Furthermore Smith & Wesson currently pays a tax rate north of 30%. A 15% tax rate on the most recent quarterly earnings would have resulted in EPS of 0.74 vs the actual 0.57.

Short interest of >20% of the float also leaves room for a short-squeeze, and the company has a great CEO who has a history of well-timed buybacks. Additionally, SWHC guidance is always conservative and usually beats estimates.

The long-term trends behind lack of institutional trust and growing interest in concealed carry are powerful drivers. In the aggregate, overblown concerns about gun sales, an attractive valuation, potential tax rate reductions, and solid management all point to the potential for share price appreciation over the next year.

For the reasons above, I believe SWHC (new ticker AOBC in the coming months) has a compelling margin of safety relative to the market, with upside optionality from better-than-expected gun sales and/or a significantly lower tax rate within the next two years.


Author: secondhandstocks

The genesis for this blog stems from a Marine buddy and I came back from Afghanistan with more money than knowledge, and heedlessly tossed our hats into the stock market ring. A few months later, I remember discovering the classic book The Intelligent Investor by Graham and Dodd, and ravenously devouring my first introduction to value investing. That framework - with some generous additions by Seth Klarman, and Joel Greenblatt among others - guides my investment philosophy. I spent five years working in the intelligence field, both in the Marine Corps and then for a government agency after that. I speak Arabic and Pashto, have programming and analysis experience, and enjoy investing in technology companies as a hobby. I also spent a year on Wall Street working on a #1 Ranked Institutional Investor team, before deciding that that the Sell-Side was not for me.

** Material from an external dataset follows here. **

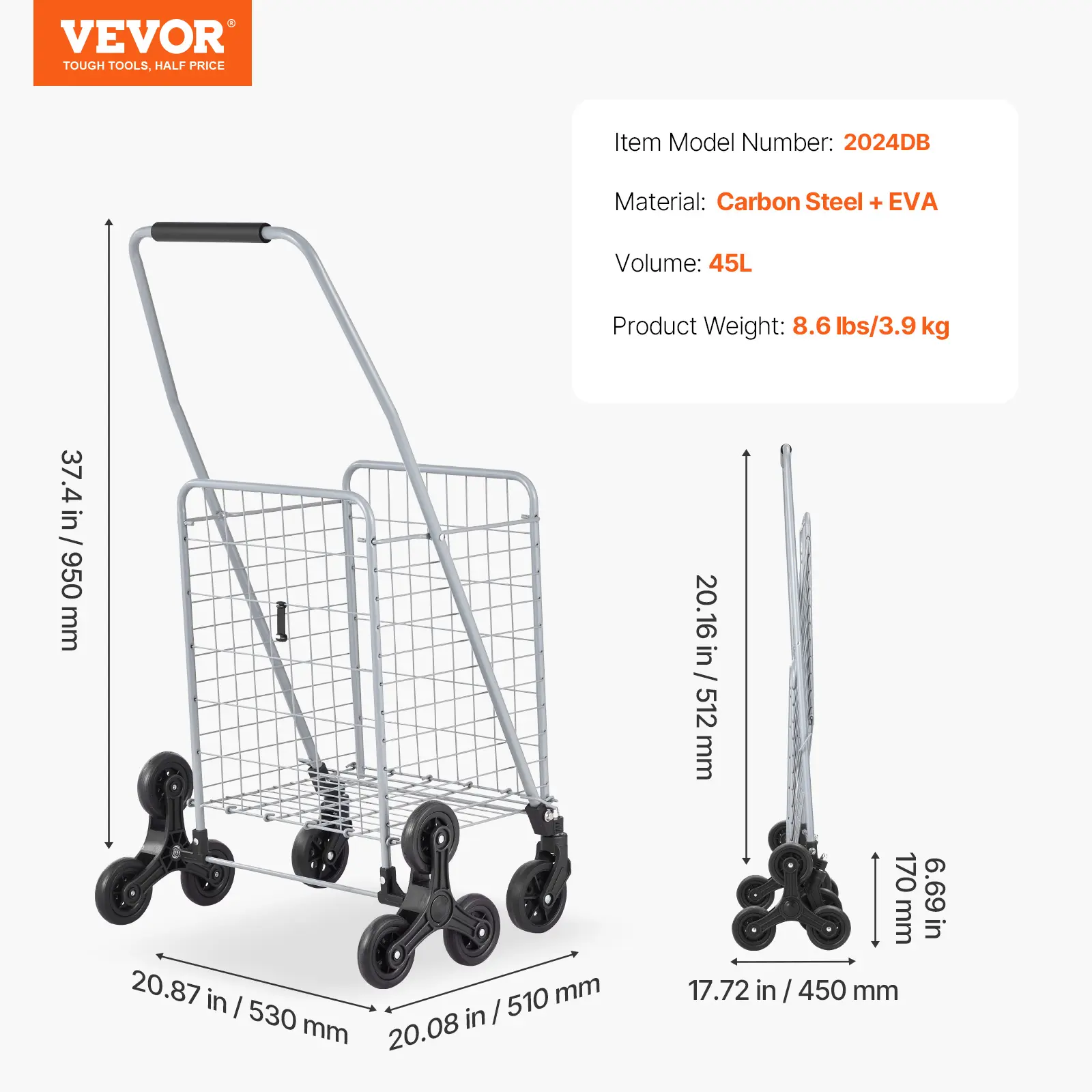 • Foldable for Easy Storage: No more clutter! This shopping cart stair climber folds up in seconds, transforming into a neat 44.09" x 20.87" x 9.06" package. Slide it under your bed, pop it in the trunk, or stash it in a closet, garage, or on a storage wall. Space-saving brilliance at its finest!

3 thoughts on “Adding to Smith & Wesson”

  1. I don’t like the name change for Smith & Wesson. I think that is a poor move, albeit a small one, that will have a greater impact than expected. For the respect that the name Smith & Wesson garners, I don’t think it is unfair to comparing it to a name change for other well known household names, luxury brands, or industrial icons. Brand names are so important in consumerism. Personally I would rather have Smith & Wesson branded outdoor gear than “American Outdoor” products. It is completely superficial, but much of consumerism is based on superficiality.

    1. Thanks for the comment!

      I get that argument, but would management be dumb enough to rebrand the actual guns? I think this is simply a corporate name change, in which case the impact to the pistol brand should be non-existent. Am I missing something?

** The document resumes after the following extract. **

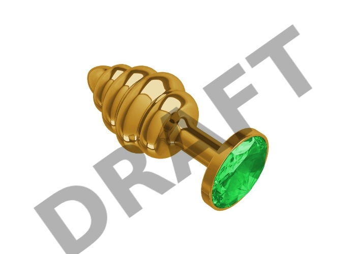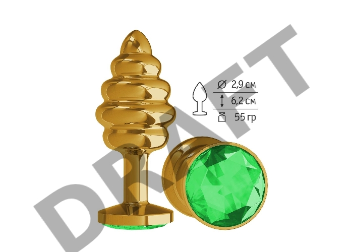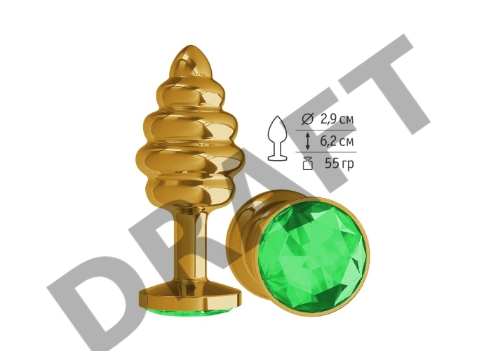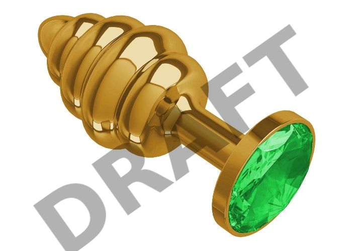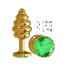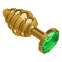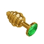 Анальная втулка Gold Spiral с зеленым кристаллом маленькая

      1. No you’re not. They are not rebranding the guns. My point is I would rather buy Smith & Wesson outdoor equipment and accessories than a generic brand name that no one knows. And I think that notion would be common among customers. I personally own Smith & Wesson branded defense and accessory equipment. So I would personally rather it stay that way from a consumer perspective and from a stockholder perspective. If it is simply a corporate name change with no affect to branding then this is all irrelevant I suppose.